Rob Davies 

Have election betting revelations gone from genuine scandal to political circus?

Though the betting often interests few outside Westminster, leaders must be clear on where opportunity for impropriety really lies
  
  

A close-up of Craig Williams
Craig Williams is under investigation by the Gambling Commission over a £100 bet on the date of the general election. Photograph: Matthew Horwood/Getty Images

Until the past few weeks, online casinos and bookmakers have made handy villains for an under-pressure government.

Ministers could legitimately claim to be cleaning up Labour’s mess with reforms that partially roll back the permissive regulatory regime ushered in under Tony Blair.

Now, thanks to the political betting scandal, it is the gambling sector’s turn to ride its high horse. Many people in the industry, which has manifold reputation problems of its own, are privately fuming at being tarred by association with the Conservative party.

“Nobody is pleased about being involved in a political corruption scandal,” said one boardroom veteran. “It emboldens people to be critical and more encouraging of regulation full stop.”

The glare of the spotlight may be trained on gambling but, so far, there has been more heat than light.

The initial revelation, that Craig Williams bet on the date of the general election days before it was announced to the public, undoubtedly merits rigorous investigation, as do claims that others followed suit.

Section 42 of the Gambling Act outlines the criminal offence of cheating. It is widely drawn, extending to anything that may interfere with the gambling process, which could include knowing an outcome in advance thanks to privileged access.

The Gambling Commission has the power to prosecute suspected offenders, although the only time it has ever done so was a little more clearcut, relating to a greyhound trainer who drugged dogs to fix races.

But much of the saga has been a political circus rather than a matter of law or regulatory reality. It is not a criminal offence for an MP to bet on themselves winning or losing a seat, nor has it proved particularly controversial in the past.

In 1994, a young Charles Kennedy, who would go on to be leader of the Liberal Democrats , bet £50 at 50-1 that the party would win just two seats in the European elections. The political stakes may have been rather lower than in a general election but contemporary news reports carried no outrage.

To this day, in the often macho and hedonistic world of politics, it is an open secret that MPs and officials bet on politics. This niche market – worth tens of millions compared with the billions wagers on football and horse racing bring – interests few outside Westminster.

That’s not to say that party leaders shouldn’t consider banning their MPs from the practice. They ought, however, to be clear-eyed about why that might be desirable and where the opportunity for impropriety really lies.

A politician betting on themselves to win their seat cannot realistically affect the outcome.
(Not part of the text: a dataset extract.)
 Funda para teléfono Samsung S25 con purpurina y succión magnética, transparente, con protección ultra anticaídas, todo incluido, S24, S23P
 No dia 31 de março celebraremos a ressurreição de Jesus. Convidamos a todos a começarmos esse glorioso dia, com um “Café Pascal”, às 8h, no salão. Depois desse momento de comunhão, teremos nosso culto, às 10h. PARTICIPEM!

Though it may not always be obvious, they are already trying, and often failing, to charm the electorate.

Betting on a loss is a little different.

Football fans deploy this “emotional hedge” all the time, betting against their team so that there is a silver lining if they lose. Notable practitioners include Peter Cook, the late comedian and Tottenham Hotspur fan.
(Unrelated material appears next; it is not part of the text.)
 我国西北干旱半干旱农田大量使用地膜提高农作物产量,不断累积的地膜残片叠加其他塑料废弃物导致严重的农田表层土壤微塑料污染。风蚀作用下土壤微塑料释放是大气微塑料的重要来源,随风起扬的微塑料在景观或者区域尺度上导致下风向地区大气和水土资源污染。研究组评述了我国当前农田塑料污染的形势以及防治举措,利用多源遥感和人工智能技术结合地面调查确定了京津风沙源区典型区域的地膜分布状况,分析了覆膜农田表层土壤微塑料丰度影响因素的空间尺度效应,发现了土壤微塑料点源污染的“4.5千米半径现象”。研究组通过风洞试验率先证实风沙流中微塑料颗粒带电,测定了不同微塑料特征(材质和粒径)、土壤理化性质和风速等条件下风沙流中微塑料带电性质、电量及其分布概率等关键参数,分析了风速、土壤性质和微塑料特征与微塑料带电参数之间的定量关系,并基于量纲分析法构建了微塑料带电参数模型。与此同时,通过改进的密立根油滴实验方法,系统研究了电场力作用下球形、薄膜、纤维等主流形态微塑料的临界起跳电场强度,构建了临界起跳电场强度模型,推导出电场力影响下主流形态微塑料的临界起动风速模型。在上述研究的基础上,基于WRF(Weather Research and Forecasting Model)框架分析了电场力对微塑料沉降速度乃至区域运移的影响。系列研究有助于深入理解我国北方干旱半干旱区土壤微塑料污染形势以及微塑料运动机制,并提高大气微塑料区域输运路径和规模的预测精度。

Why shouldn’t MPs do the same?

First, it is arguably crass in the extreme to treat an election that will affect the lives of millions with such flippancy. What is a constituent who cannot afford a home, or must wait months for a medical consultation, to think of a Conservative MP securing a free dinner as a reward for failure?

There is an issue of perception too. Realistically, betting on a political loss is vanishingly unlikely to be a secret money-spinning plot. A footballer can deliberately miss an open goal, or pick up a yellow card. Short of openly insulting the electorate, there’s not much an MP can do without suffering more dire consequences.

Nor is there much incentive. Being an MP brings with it all kinds of financial incentives, both in office and after, far outweighing the relatively paltry winnings that bookmakers typically allow.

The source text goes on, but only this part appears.